Crap... Well that just sucks.

But I was not giving up! I knew the answer was out there. I just knew it. Next I just decided to go to TheMeaningOfLife.com... Let me just tell you right now, I was über excited when the website started loading. I was thinking, "Eureka! By George, I think I've got it!" along with some other 'profound discovery sayings' of the like when on the screen appeared an ad with a link to a website... selling LIFE the boardgame. I was just about over the disappointment, but being an optimist made me keep a'searchin' through the interweb for the answer to the question we are all (ironically enough) dying to know. 

You see, they have these pretty rad little ask and answer things online where you can view questions people ask a lot and the answers that people give. I looked at the highest ranked answers of course-- I go for quality, guys-- because they're the most trustworthy. I mean who knows? Some of the deepest minds of the world could be collaborating online to find these answers. And there they were. My excitement was seething within... 

Until I read them:

"Your main purpose is to survive by any means and to reproduce."

Umm... Ew. Okay, so that wasn't Einstein's response. Pretty bleak, too. But wait, there were more!

"We are here to have lots and lots of fun, sex, good food and take care of each other!"

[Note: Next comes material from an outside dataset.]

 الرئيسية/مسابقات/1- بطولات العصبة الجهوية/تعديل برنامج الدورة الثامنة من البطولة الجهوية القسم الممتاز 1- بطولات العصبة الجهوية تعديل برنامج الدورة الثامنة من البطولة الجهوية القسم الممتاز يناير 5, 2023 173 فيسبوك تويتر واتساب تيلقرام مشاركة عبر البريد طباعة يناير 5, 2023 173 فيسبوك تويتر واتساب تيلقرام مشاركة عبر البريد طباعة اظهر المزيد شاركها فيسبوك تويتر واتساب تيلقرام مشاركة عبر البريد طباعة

Still twisted, but at least this person's friendly and concerned for others.


...And then it came, a beacon of hope upon my darkened horizon, a bastion of comfort encompassing my seemingly unbearable angst & despondency:

"42. It's categorically inverted by the integers of the divine fraction, thus making it a necessary key to the sub-complex division of life's true cause. This was proved by philosopher Charles Leland in the 19th Century."

Well, now it all just makes sense! My faith in humanity is so vast right now. I think I can sleep at night now.... Thanks, The Internet, and goodnight!